Data under study section start

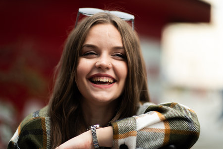 A portrait of a young, vibrant woman joyfully smiling at the camera, ai-generated
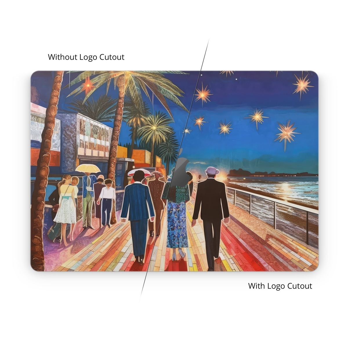iStyles Apple MacBook Skin design of Photograph, Sky, World, Light, Tree, Leisure, Line, Fun, Travel, People, with blue, black, yellow, orange, red, green, brown, black colors, and tagged with fineart, urban, people, nature, sidewalk, beach, palm, trees, stores, seaside, stars.
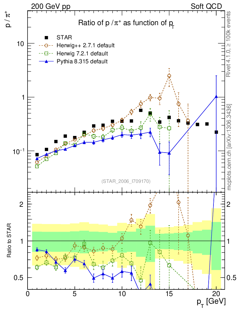 Soft QCD (inelastic) : Identified Particles : Ratios : p/π+ vs pT
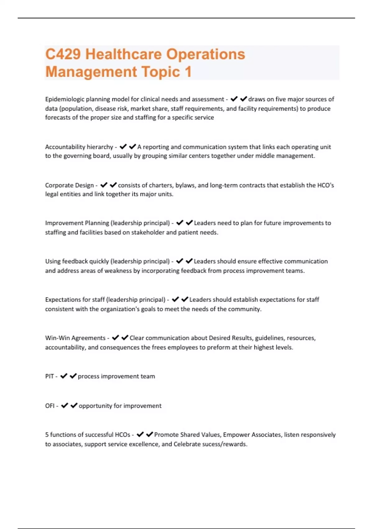 Epidemiologic planning model for clinical needs and assessment - draws on five major sources of data (population, disease risk, market share, staff requirements, and facility requirements) to produce forecasts of the proper size and staffing for a specific service Accountability hierarchy - A reporting and communication system that links each operating unit to the governing board, usually by grouping similar centers together under middle management. Corporate Design - consists of charters, bylaws, and long-term contracts that establish the HCO's legal entities and link together its major units. Improvement Planning (leadership principal) - Leaders need to plan for future improvements to staffing and facilities based on stakeholder and patient needs. Using feedback quickly (leadership principal) - Leaders should ensure effective communication and address areas of weakness by incorporating feedback from process improvement teams. Expectations for staff (leadership principal) - Leaders should establish expectations for staff consistent with the organization's goals to meet the needs of the community. Win-Win Agreements - Clear communication about Desired Results, guidelines, resources, accountability, and consequences the frees employees to preform at their highest levels. PIT - process improvement team OFI - opportunity for improvement 5 functions of successful HCOs - Promote Shared Values, Empower Associates, listen responsively to associates, support service excellence, and Celebrate sucess/rewards.Purpose of cultural leadership - to effectively implement transformational management of teams from the bedside to the boardroom and to sustain an environment where all associates are empowered and motivated to meet the customers needs.
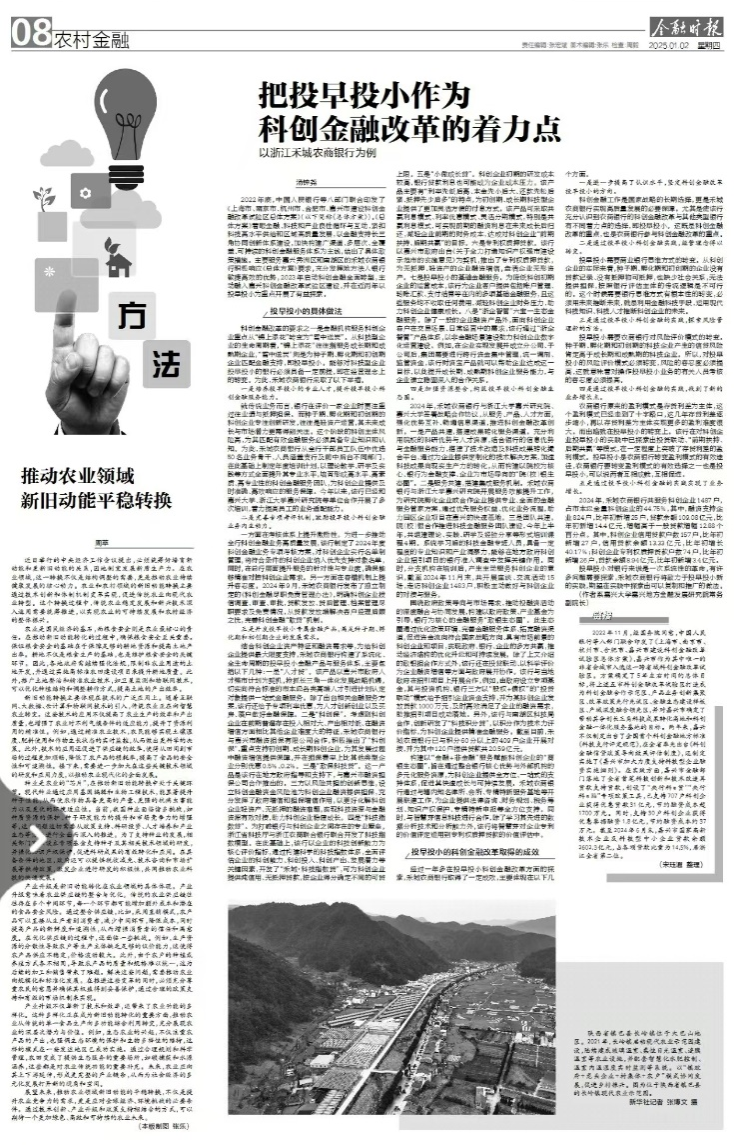 科技金融是落实创新发展理念、促进产业和科技深度融合、实现经济高质量发展的重要驱动力。科技创新与金融服务的深度融合已成为推动经济社会发展的新引擎。2023年10月30-31日的中央金融工作会议明确提出要做好科技金融的大文章。2024年11月5日,中国人民银行行长潘功胜在第十四届全国人民代表大会常务委员会上提出,要引导金融资本投早、投小、投长期、投硬科技。嘉兴市是我国科创金融改革试验区唯一地级市,正在全力打造长三角科技成果转化高地和科创金融一体化服务基地,在全面深化科创金融改革方面走在全国前列。主要服务嘉兴秀洲区和南湖区的禾城农商银行积极响应《总体方案》要求,充分发挥地方法人银行敏捷高效的优势,2023年启动科创金融全面转型,主动融入嘉兴科创金融改革试验区建设,并在近两年以投早投小为重点开展了有益探索,有望在实践中探索出可以复制和推广的做法。

Data under study section end

» **Task to carry out**: Without the pictures, reproduce every entry exactly as written.

» **Response to this task**:
 A portrait of a young, vibrant woman joyfully smiling at the camera, ai-generated
iStyles Apple MacBook Skin design of Photograph, Sky, World, Light, Tree, Leisure, Line, Fun, Travel, People, with blue, black, yellow, orange, red, green, brown, black colors, and tagged with fineart, urban, people, nature, sidewalk, beach, palm, trees, stores, seaside, stars.
 Soft QCD (inelastic) : Identified Particles : Ratios : p/π+ vs pT
 Epidemiologic planning model for clinical needs and assessment - draws on five major sources of data (population, disease risk, market share, staff requirements, and facility requirements) to produce forecasts of the proper size and staffing for a specific service Accountability hierarchy - A reporting and communication system that links each operating unit to the governing board, usually by grouping similar centers together under middle management. Corporate Design - consists of charters, bylaws, and long-term contracts that establish the HCO's legal entities and link together its major units. Improvement Planning (leadership principal) - Leaders need to plan for future improvements to staffing and facilities based on stakeholder and patient needs. Using feedback quickly (leadership principal) - Leaders should ensure effective communication and address areas of weakness by incorporating feedback from process improvement teams. Expectations for staff (leadership principal) - Leaders should establish expectations for staff consistent with the organization's goals to meet the needs of the community. Win-Win Agreements - Clear communication about Desired Results, guidelines, resources, accountability, and consequences the frees employees to preform at their highest levels. PIT - process improvement team OFI - opportunity for improvement 5 functions of successful HCOs - Promote Shared Values, Empower Associates, listen responsively to associates, support service excellence, and Celebrate sucess/rewards.Purpose of cultural leadership - to effectively implement transformational management of teams from the bedside to the boardroom and to sustain an environment where all associates are empowered and motivated to meet the customers needs.
 科技金融是落实创新发展理念、促进产业和科技深度融合、实现经济高质量发展的重要驱动力。科技创新与金融服务的深度融合已成为推动经济社会发展的新引擎。2023年10月30-31日的中央金融工作会议明确提出要做好科技金融的大文章。2024年11月5日,中国人民银行行长潘功胜在第十四届全国人民代表大会常务委员会上提出,要引导金融资本投早、投小、投长期、投硬科技。嘉兴市是我国科创金融改革试验区唯一地级市,正在全力打造长三角科技成果转化高地和科创金融一体化服务基地,在全面深化科创金融改革方面走在全国前列。主要服务嘉兴秀洲区和南湖区的禾城农商银行积极响应《总体方案》要求,充分发挥地方法人银行敏捷高效的优势,2023年启动科创金融全面转型,主动融入嘉兴科创金融改革试验区建设,并在近两年以投早投小为重点开展了有益探索,有望在实践中探索出可以复制和推广的做法。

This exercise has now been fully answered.